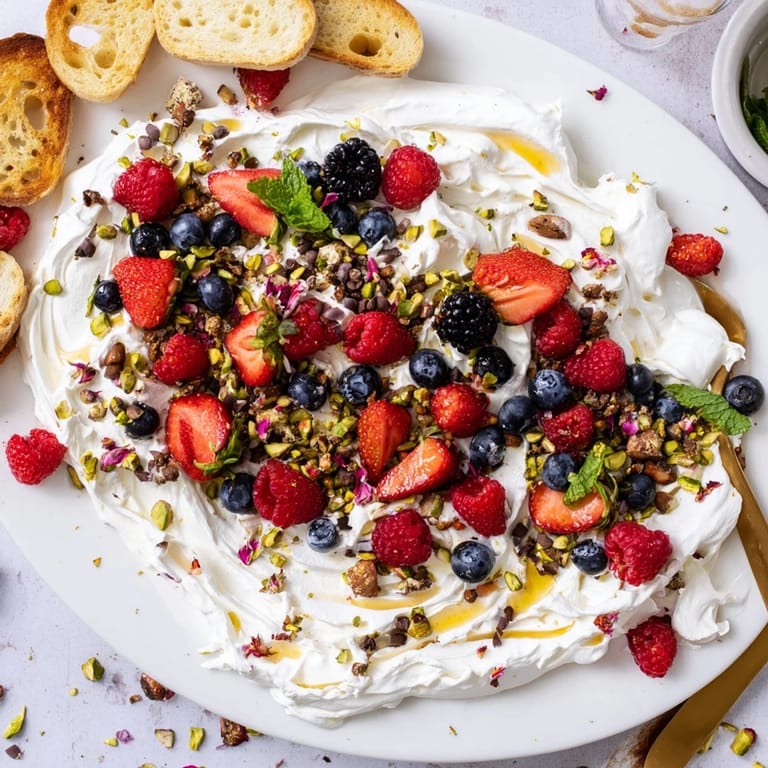 - Toppings: 150 g (1 cup) mixed fresh berries (strawberries, blueberries, raspberries, blackberries), 2 tbsp chopped toasted pistachios or almonds, 1 tbsp dried edible rose petals (optional), 2 tbsp mini chocolate chips or shavings, 2 tbsp granola (optional), 1 tbsp fresh mint leaves, torn
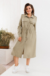 Платье прямое летнее с кулисой и карманами BARBARA B129 хаки
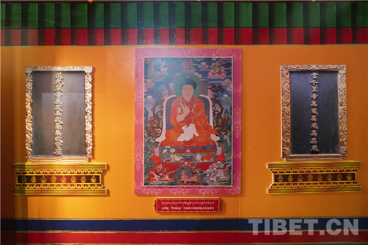 康熙皇帝照封五世達(dá)賴之例,冊(cè)封五世班禪·羅桑益西為“班禪額爾德尼”,并賜金冊(cè)金印,從此班禪世系稱為班禪額爾德尼,成為藏傳佛教格魯派第二大活佛轉(zhuǎn)世系統(tǒng)。五世班禪額爾德尼的金冊(cè)金印、乾隆皇帝欽命宮廷畫(huà)家繪制的六世班禪額爾德尼·羅桑巴丹益希畫(huà)像、七世班禪額爾德尼·丹貝尼瑪在擊退廓爾喀入侵后所立的《皇圖鞏固》青石碑……一件件文物、一幅幅照片,生動(dòng)講述著歷代班禪及扎什倫布寺和中央政府的密切聯(lián)系與往來(lái),講述著歷代班禪和扎什倫布寺在維護(hù)國(guó)家主權(quán)與領(lǐng)土完整以及促進(jìn)西藏社會(huì)發(fā)展方面所起的重要作用。
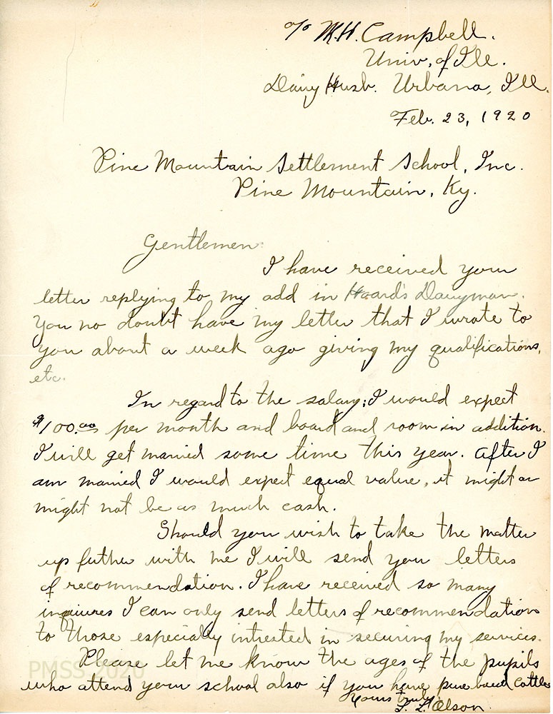[021] February 23, 1920. To “Gentlemen,” PMSS, from L.L. Olson, stating the salary he would expect (“$100 per month and board and room in addition”) and, after his marriage this year, “I would expect equal value, it might or might not be as much cash.” Offers to send letters of recommendation. Asks the students’ ages and if the School has purebred cattle.

********************

Exactly the lines from the one containing "康熙皇帝照封五世達(dá)賴" through the end of the data above: repeat those, both ends included, and nothing else. Skip the pictures.

→ ANSWER SPACE
 康熙皇帝照封五世達(dá)賴之例,冊(cè)封五世班禪·羅桑益西為“班禪額爾德尼”,并賜金冊(cè)金印,從此班禪世系稱為班禪額爾德尼,成為藏傳佛教格魯派第二大活佛轉(zhuǎn)世系統(tǒng)。五世班禪額爾德尼的金冊(cè)金印、乾隆皇帝欽命宮廷畫(huà)家繪制的六世班禪額爾德尼·羅桑巴丹益希畫(huà)像、七世班禪額爾德尼·丹貝尼瑪在擊退廓爾喀入侵后所立的《皇圖鞏固》青石碑……一件件文物、一幅幅照片,生動(dòng)講述著歷代班禪及扎什倫布寺和中央政府的密切聯(lián)系與往來(lái),講述著歷代班禪和扎什倫布寺在維護(hù)國(guó)家主權(quán)與領(lǐng)土完整以及促進(jìn)西藏社會(huì)發(fā)展方面所起的重要作用。
[021] February 23, 1920. To “Gentlemen,” PMSS, from L.L. Olson, stating the salary he would expect (“$100 per month and board and room in addition”) and, after his marriage this year, “I would expect equal value, it might or might not be as much cash.” Offers to send letters of recommendation. Asks the students’ ages and if the School has purebred cattle.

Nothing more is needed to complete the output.